CCAAT/enhancer-binding protein β (C/EBP β), also known as transcriptional activator protein (LAP), is overexpressed in diverse tumor cell lines and in tumor-associated myeloid-derived suppressor cells (MDSCs). MDSCs comprise a subset of innate immune cells that are active in adaptive immunity and generate immunodepression.13 Overexpression of C/EBPβ promotes cell invasiveness and migration, NF-κB translocation, and epithelial-mesenchymal transition, reduced E-cadherin, and increased vimentin expression in 786-O human renal carcinoma cells. Under expression has the opposite effects.14 Additionally, C/EBPβ and TNIP1 expression are negatively correlated, consistent with C/EBPβ as a target of and directly regulated by TNIP1.11 This study investigated TNIP1 as a tumor-suppressor in ccRCC via targeting of C/EBPβ.
Materials And Methods
Patients And Tumor Tissues
Human primary ccRCC tumor tissues and adjacent normal control tissues were collected from 40 patients at the Department of Urology of the Ninth Hospital of Xi’an, Xi’an, Shaanxi, China. Thirty-three were men and seven were women. The mean age was 55.4 years (range, 44–70 years). The diagnosis was pathologically confirmed, all eligible patients had been treated by nephrectomy and none had received any treatment before surgery. The tissues were immediately snap-frozen in liquid nitrogen after resection and stored at −80°C until RNA and protein extraction and immunohistochemical (IHC) staining of TNIP1 and C/EBPβ. Patient sex, age, extent of tumor differentiation, Fuhrman stage, tumor stage, lymphatic metastasis, and postoperative recurrence, were retrieved from their medical records. The study was approved by the institutional Clinical Ethical Committee of the Ninth Hospital of Xi’an, Xi’an and was conducted following the ethical guidelines of the Declaration of Helsinki. All enrolled patients provided written informed consent before the start of the study.
Cell Culture
OS-RC-2, 786-O, 769-P, Caki-1, and Caki-2 human ccRCC cell lines and the HK-2 human proximal tubule cells that were used as a control were obtained from the Cell Bank of Chinese Academy of Sciences (Shanghai, China). The cells were grown in Dulbecco’s modified Eagle’s medium, Sigma, St Louis, USA) or Roswell Park Memorial Institute (RPMI) 1640 medium (Invitrogen, Shanghai, China), with 10% fetal bovine serum (FBS; Gibco) and 1% (v/v) penicillin/streptomycin (Gibco; Thermo Fisher Scientific, Inc.) and maintained in a humidified 5% CO2 atmosphere at 37°C.

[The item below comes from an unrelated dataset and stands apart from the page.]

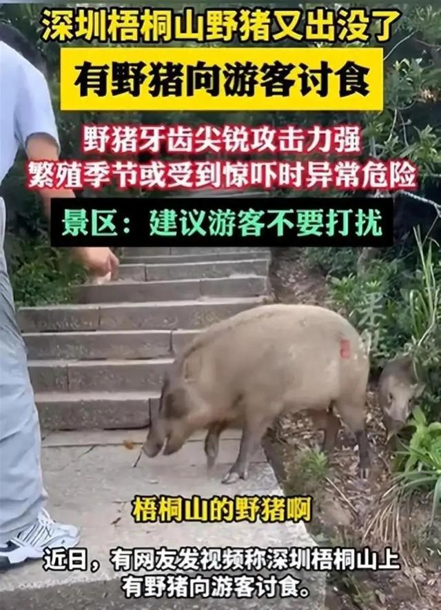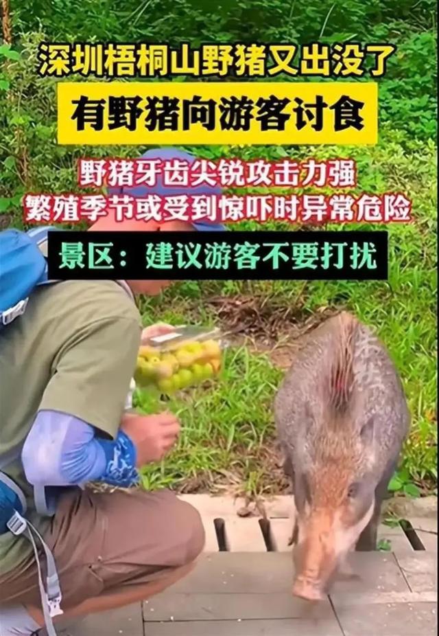 这样的场景,在梧桐山景区已经不是第一次出现。社交媒体上,关于“梧桐山野猪讨食”的视频和图片屡见不鲜,甚至还有一些游客将投喂野猪当作一种“乐趣”,全然不顾可能带来的风险。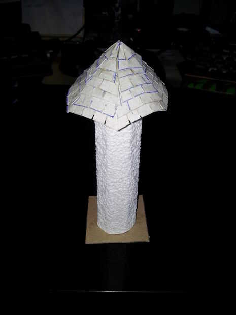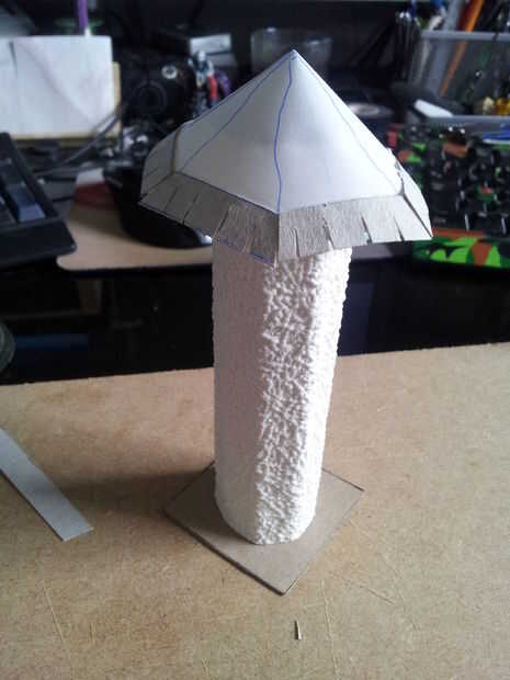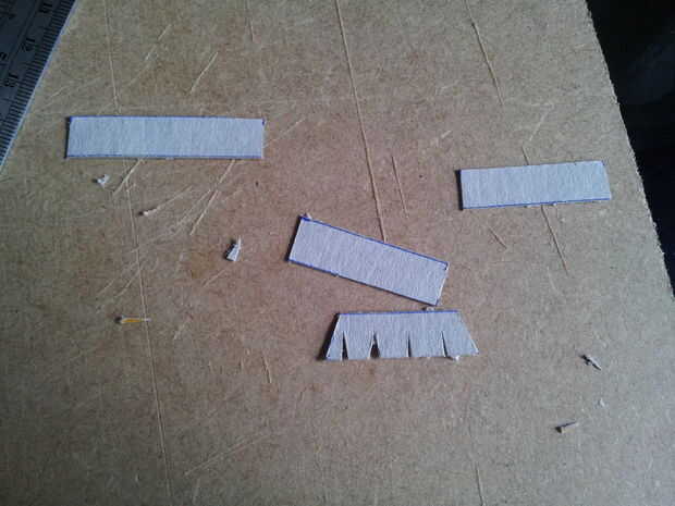 Usando el cartón más fino (una caja de torta de jaffa a mi me funciono y proporciona un sabroso aperitivo al mismo tiempo), aproximadamente, cortar tiras de la tarjeta y corte muescas como tejas.

RNA Interference And Transfection Assay
TNIP1 overexpression was induced in 786-O by transfection of a pcDNA3.1 plasmid vector. Transfection was performed by seeding 1x106 cells in each well of a 6-well plate, adding 1.5 µg TNIP1 cDNA and transfected the cells with an E.Z.N.A Endo-free plasmid DNA Maxi Kit (Biology co., Ltd. Zhejiang, China) and Lipofectamine 2000 (Invitrogen, USA) for 24 h at 37°C. An empty vector was the control. Short hairpin (sh)RNAs against human TNIP1 (NM_006058.4, Shanghai Sunbio, Shanghai, China), was used to knockdown TNIP1. The sequences were sense: 5′-ccgg GAT GAG AAG GCA AGA GAA CTC GAG TTC TCT TGC CTT CTC CTC ATC TTT TTTg-3′, antisense: 5′-aat tca aaa aaG ATG AGG AGA AGG CAA GAG AAC TCG AGT TCT CTT GCC TTC TCC TCA TC-3′. The sequences of the negative control shRNA were sense: 5′- Ccgg TTC TCC GAA CGT GTC ACG TTT CAA GAG AAC GTG ACA CGT TCG GAG AAT TTT Tg-3′, antisense: 5′- aat tca aaa aTT CTC CGA ACG TGT CAC GTT CTC TTG AAA CGT GAC ACG TTC GGA GAA-3′. pMagic 4.1 lentiviral vectors accompanied by TNIP1 shRNAs or negative control shRNAs were inserted into recombinant TNIP1 (rTNIP1). The recombinant lentiviral vectors, pHelper vector 1.0 and pHelper vector 2.0, were cotransfected into 293T cells using a transfection reagent (Shanghai Sunbio). The lentiviral particles were adapted to infect 786-O cells following the kit manufacturer’s instructions. The construction of 786-O cells that under expressed TNIP1 was previously described by Chen et al.11 To silence C/EBPβ in 786-O cells, C/EBPβ siRNAs (oligonucleotide sequence 5′-CGT GGT GTT ATT TAA AGA A-3′) and a nonsilencing siRNA negative control (5′-TTC TCC GAA CGT GTC ACG T-3′), were constructed from the full length human C/EBPβ cDNA sequence (NM_005194, Shanghai Genechem Co. Ltd., Shanghai, China). Transfection was with Lipofectamine 2000 (Invitrogen, USA). The construction of 786-O cells that underexpressed C/EBPβ was previously described by Chen et al.11
TNIP1 And C/EBPβ Immunohistochemical (IHC) Staining
Immunohistochemical staining for TNIP1 and C/EBPβ were performed and described according to previously reported studies.15–17 Briefly, formaldehyde-fixed paraffin-embedded ccRCC tumor tissues and the paired control tissues were sectioned at 3 µm. The sections were deparaffinized in xylene for 25 min and rehydrated in 100, 100, 95, 85, and 75% ethanol for 5 min, respectively. Antigen retrieval treatment was done in 0.01M citrate buffer in a microwave oven for 3 min at high power and 10 min at low power, and endogenous peroxidase was blocked by incubation in 3% H2O2 for 10 mins at room temperature. Then, the sections were washed in PBS solution subsequent and blocked with 10% goat serum (ZhongShanBiotechnology, China) for 30 min, followed by incubation with primary mice anti-human TNIP1 (1:200; eBioscience) and anti-C/EBPβ antibody (1:250; sc-150, Santa Cruz Biotechnology) overnight at 4 ◦C. The sections were washed in PBS solution three times and incubated with a HRP-conjugated secondary antibody for 30 min at room temperature. All slides were counterstained diaminobenzidine (DAB) solution and 20% hematoxylin, and dehydrated. Immunohistochemical staining tissue sections were reviewed and scored by two independent pathologists. The score was calculated according to the proportion of stained tumor cells and intensity of cellular staining according to previous study.17 The final score was ranged from 0 to 12 scores.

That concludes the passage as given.